On the other end of the family meal continuum are those you see in movies about fancy restaurants. There, everyone- cooks, servers, dishwashers- sits down before service. It’s served family style and there’s wine involved. It’s sophisticated and elegant and elastic. Whenever I see those films I dream of their family meals.

Family meal where I work is something different. It happens during service. We all eat standing up, clustered around our chest freezer. Front of the house eats in shifts. Back of the house eats between tickets. And the food is wildly variable. There are days we need to use up those luxury products and so we end up eating foie gras pancakes. On the other hand I’ve eaten burgers and gyros more times than I can count. Some times it’s collaborative, with everyone creating a component. Other times one person takes charge and spends most of their free time pulling it together.

Some meals are excellent. Homemade pasta, ramen, and pizza have all graced our chest freezer. Other day we end up devouring scrambled eggs and leftover biscuits because we didn’t plan ahead. And some meals barely get eaten. A bad family meal is unfortunate, but the only unforgivable family meal is an omitted one. Not feeding your people is one of the rudest things possible in restaurant.
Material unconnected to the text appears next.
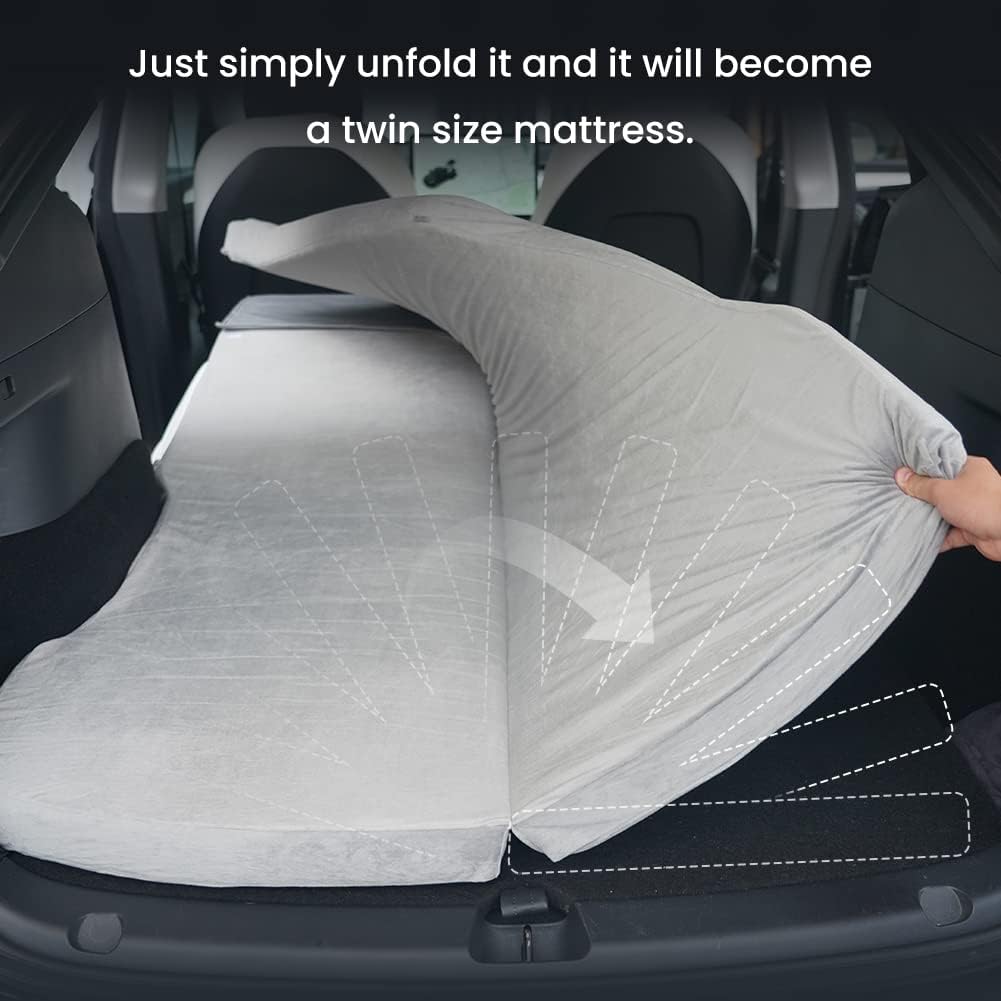 • VERSATILE VERWENDUNG- die Auto Camping Matratze für Tesla Modell Y. Ideal für Boondocking, Road Trips und Auto Camping. Es ist super einfach einzurichten und zu verpacken und viel bequemer als eine Luftmatratze. Das perfekte Geschenk für Outdoor-Enthusiasten. (Bitte beachten Sie, dass das konturierte Teil basierend auf der Stammbodenform des Modells Y entworfen wurde, so dass es Y 100%, X 90% passt)

I’ve made an absurd amount of salads for family meal- they’re delicious, adaptable, and I am always happy to eat a salad. But family meals offers a challenge to step out of my comfort zone and use up product that I don’t often turn to.
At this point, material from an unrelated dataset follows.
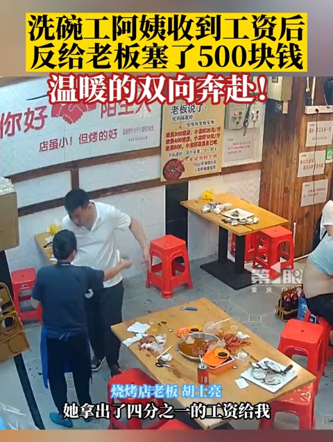 36次播放 | 00:04饭店阿姨收到老板发的工资后,抽出500元强行塞给老板称请他吃饭

This potato chowder is loosely inspired by a recent family meal. We had a large amount of cauliflower scraps and gallons of very fatty smoked pork broth that both needed use, and I paired them up in a soup. And it was fine. I wasn’t happy with it but we have to feed our people. But even unfortunate meals can grow into good ones, if only the idea of them. Some times good things can come from mistakes.

Here, you gently cook celery and onions until they’ve softened and just started to take on color. Dried sage and smoked paprika add depth and a faint hint of smokiness. Vegetable stock is less heavy and fatty than pork broth, and allows the creamy softness of potato to shine. Some heavy cream gives the soup body, and watercress brings a bright, peppery bite. It’s the kind of soup I like to eat as winter starts to break- warm but not heavy, comforting but fresh.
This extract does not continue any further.